1

I wondered if anyone could help. I am combining multiple excel files that have between 1-3 sheets. I want to combine these sheets into 3 dataframes and have done so using the below code:

all_workbook1 = pd.DataFrame()
all_workbook2 = pd.DataFrame()
all_workbook3 = pd.DataFrame()

for f in glob.glob("*.xlsx"):
    dfworkbook1 = pd.read_excel(f, sheet_name="sheet1", usecols="B:AO")
    dfworkbook1["Filename"] = "[" + os.path.basename(f) + "]"
    all_workbook1 = all_workbook1.append(dfworkbook1,ignore_index=True)

    dfworkbook2 = pd.read_excel(f, sheet_name="sheet2", usecols="B:AO")
    dfworkbook2["Filename"] = "[" + os.path.basename(f) + "]"
    all_workbook2 = all_workbook2.append(dfworkbook2,ignore_index=True)

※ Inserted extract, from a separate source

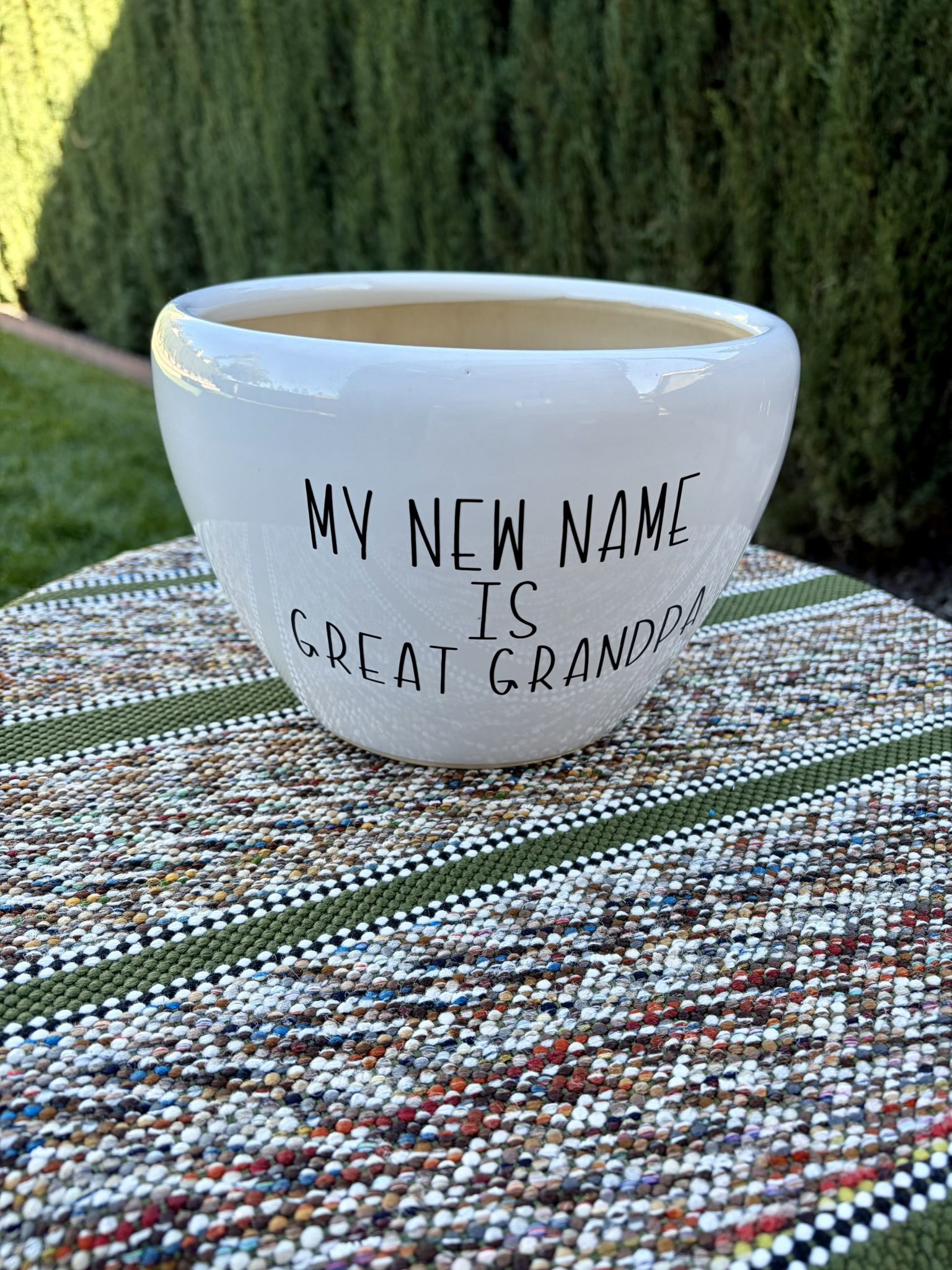 New, never used glazed ceramic planter featuring the word “hello” on one side and “MY NEW NAME IS GREAT GRANDPA” on the other side. 9” Dia. 6.25”H

    dfworkbook3 = pd.read_excel(f, sheet_name="sheet3", usecols="B:AO")
    dfworkbook3["Filename"] = "[" + os.path.basename(f) + "]"
    all_workbook3 = all_workbook3.append(dfworkbook3,ignore_index=True)

When running this I can get the below error:

xlrd.biffh.XLRDError: No sheet named <'sheet3'>

I believe this is due to the fact that not all of my files have 'sheet3'. What is the best process to avoid this? I have tried to add code to the start that runs over the files and adds the missing sheets as a blank sheet but have been struggling with this.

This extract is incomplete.